The data were entered in MS Excel 2020 (Microsoft Corporation, Redmond, Washington) and were analyzed using the Statistical Package for the Social Sciences (SPSS) software, version 20 (IBM Corp., Armonk, NY). Categorical variables are expressed as the mean ± standard deviation and percentages. Comparative data are expressed as ratios and proportions. Spearman’s rho was used to establish the correlation between PMIs calculated from potassium values, PMIs estimated using physical signs, and PMIs determined using official police records.
Results
A total of 100 deceased individuals were included in the study, and samples of their vitreous humor were analyzed for potassium levels. The baseline characteristics of the study population are given in Table 1.
Table 1. Baseline characteristics of the study population (n = 100).
| Parameters | Category | Frequency (%) |
| Age | 13-22 years | 6 (6) |
| 23-32 years | 15 (15) | |
| 33-42 years | 15 (15) | |
| 43-52 years | 23 (23) | |
| 53-62 years | 24 (24) | |
| 63-72 years | 14 (14) | |
| 73-82 years | 3 (3) | |
| >82 years | 0 (0) | |
| Gender | Male | 68 (68) |
| Female | 32 (32) | |
| Cause of death | Poisoning | 4 (4) |
| Trauma | 18 (18) | |
| Asphyxia | 33 (33) | |
| Unclassified | 45 (45) |
The study population was predominated by men (68%) and deceased individuals belonging to the age group of 53-62 years (24%). The most common cause of death was unclassified deaths (45%) followed by asphyxia deaths (33%). Table 2 shows the basic distribution of the PMI as calculated by physical signs (rigor mortis) from the official police records and the potassium levels.
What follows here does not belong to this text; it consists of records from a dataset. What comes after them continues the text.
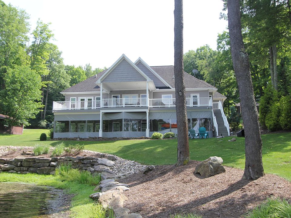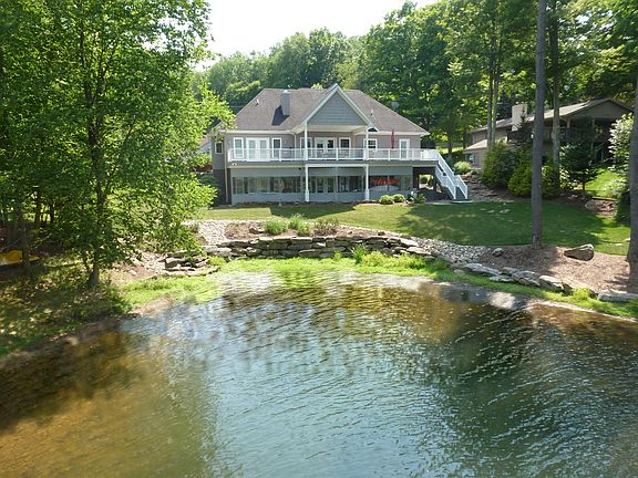 Stunning Custom Built Waterfront Ranch All four bedrooms face the Lake, all w/private bathrooms, 10' ceilings and crown molding throughout. Whole house music center controlled at each room, granite and butcher block island in the kitchen. Exquisite lighting, hardwood, tile, lower level kitchen with granite bar, 2 stacked stone natural gas fireplaces. In floor heat and epoxy garage.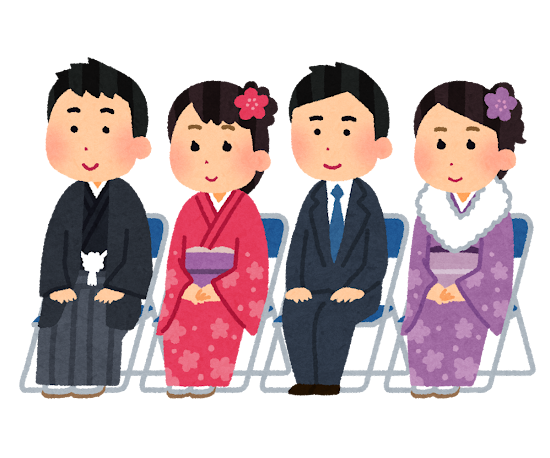 成人の人は、20歳の人たちをお祝いする会です。その会には100人以上の成人が集まっていました。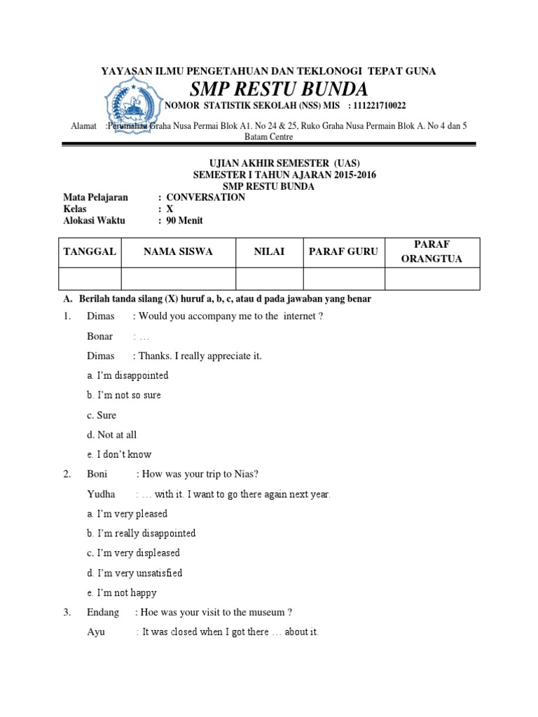 Soal bahasa inggris kelas vii ini bermanfaat untuk mengasah pemahaman materi bahasa inggris yang telah selesai atau sedang dipelajari di kelas. Kalian pasti sering menemui kata in, on, dan at dalam kalimat bahasa inggris. Nah itu merupakan contoh dari preposition.jadi preposition adalah salah satu bagian dari part of speech yang. Akses kumpulan buku soal bahasa inggris smp kelas 7.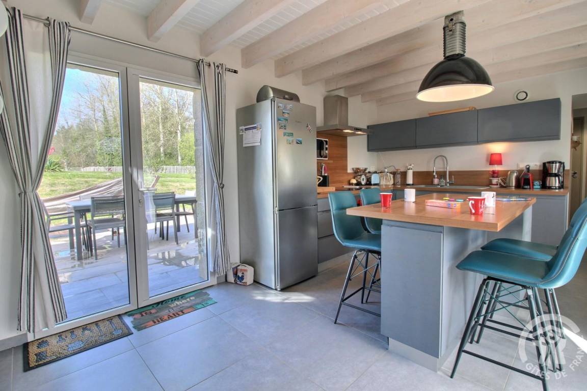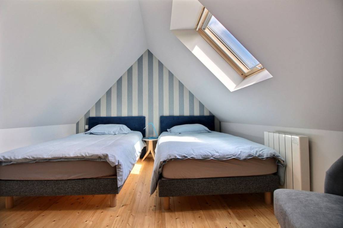 „Gîte très bien agencé, avec des équipements de qualité. Les deux terrasses sont certainement très agréables aussi, mais le temps ne nous a malheureusement pas permis d'en profiter, car même si en Bretagne il faut beau plusieurs fois par jour, les températures n'autorisaient pas l'usage. Un grand merci à Yveline pour la qualité de l'accueil et la propreté irréprochable de la maison.“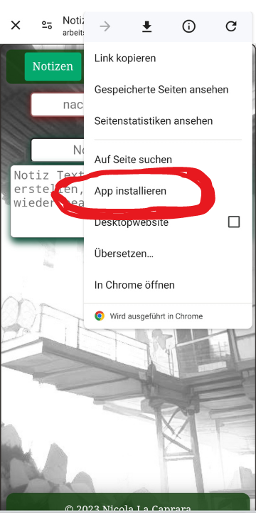 Man kann die App als Progressive Web App (PWA) installieren, indem man hier wo die 3 Punkte sind, einfach drauf klickt, und am besten mit dem Chrome-Browser ins Internet geht.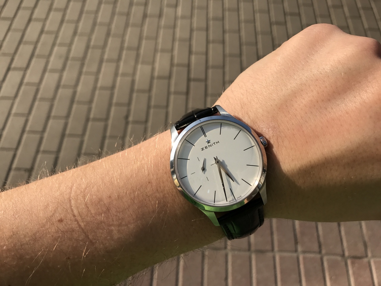 Отличный ручник от Zenith! Прекрасные костюмные часы! Которые еще и ультра-тонкие! Прекрасно лежат на руке! Ход отличный , все документы и даже бирка есть!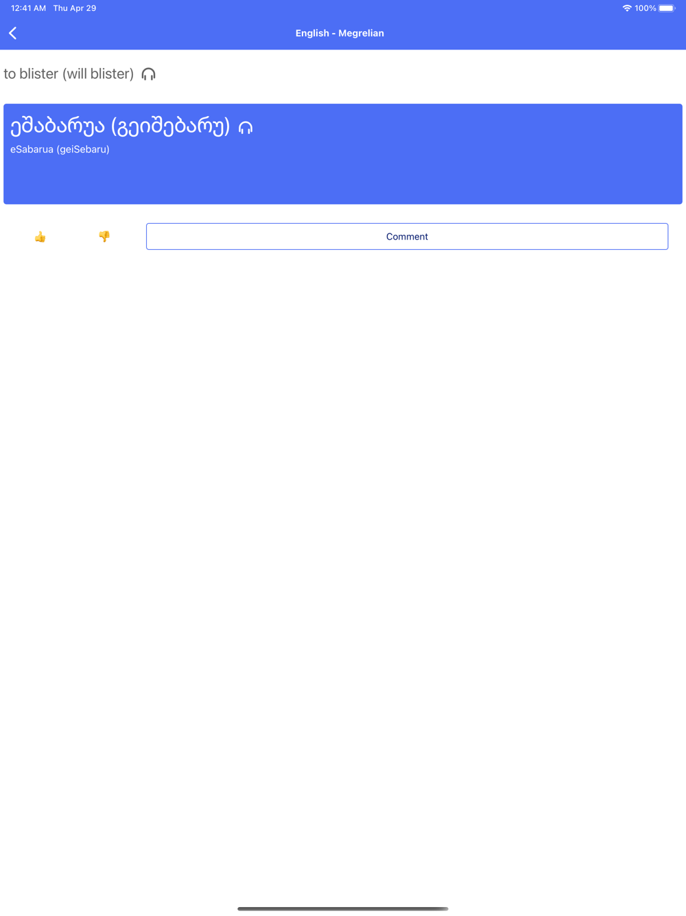 Through the application you will be able to translate Georgian, Megrelian and English words.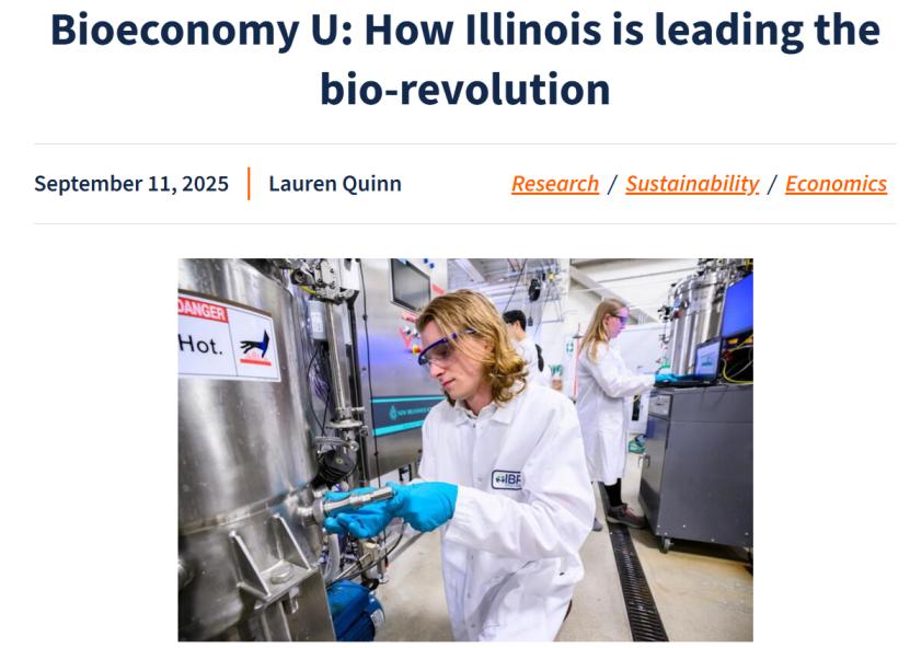 作为全美第一大豆与第二玉米产地,伊利诺伊州拥有得天独厚的农业资源与专业知识,为生物经济提供了丰富的原料,可用于开发可持续航空燃料、生物塑料、工业化学品和纺织品等高价值产品。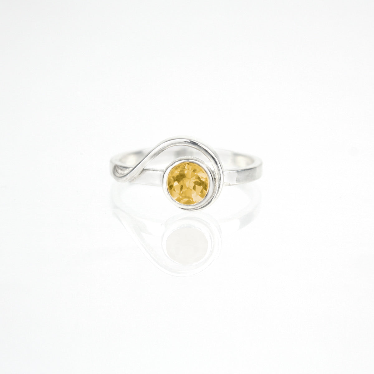This ring incorporates a delicate swirl of silver emanating out from a sparkling gemstone, before wrapping back on itself as it falls around the side of the band. The 5mm Spiral ring is flashier than its daintier sisters, but still has a slender band designed to nestle closely with one or more accompanying rings.

Table 2. Data on postmortem interval (PMI) determined using potassium values in the vitreous humor, police official records, and physical signs (rigor mortis).
| Parameters | PMI using potassium values | PMI using police official records | PMI using rigor mortis | Ambient temperature |
| Mean ± standard deviation | 14.7 ± 8.62 | 14.0 ± 8.39 | 14.2 ± 8.53 | 31.5 ± 2.51 |
| Median | 13.7 | 15 | 13.2 | 31 |
| Interquartile range | (7.3, 21.6) | (6, 20) | (6.8, 19.6) | (30, 33) |
It also displays data on the available ambient temperature exerting a potential impact on the determination of TSD. Furthermore, no correlation was observed between the ambient temperature (temperature from where the body is recovered) and the potassium levels of the vitreous humor. Table 3 shows the summary of the correlation established between the PMIs estimated by police records and physical signs, the PMIs estimated by police records and potassium levels in vitreous humor, and the PMIs estimated by physical signs and potassium levels in vitreous humor individually using Spearman’s rho coefficient.
Table 3. Comparison of PMI values estimated using potassium in the vitreous humor, official records, and physical signs (rigor mortis).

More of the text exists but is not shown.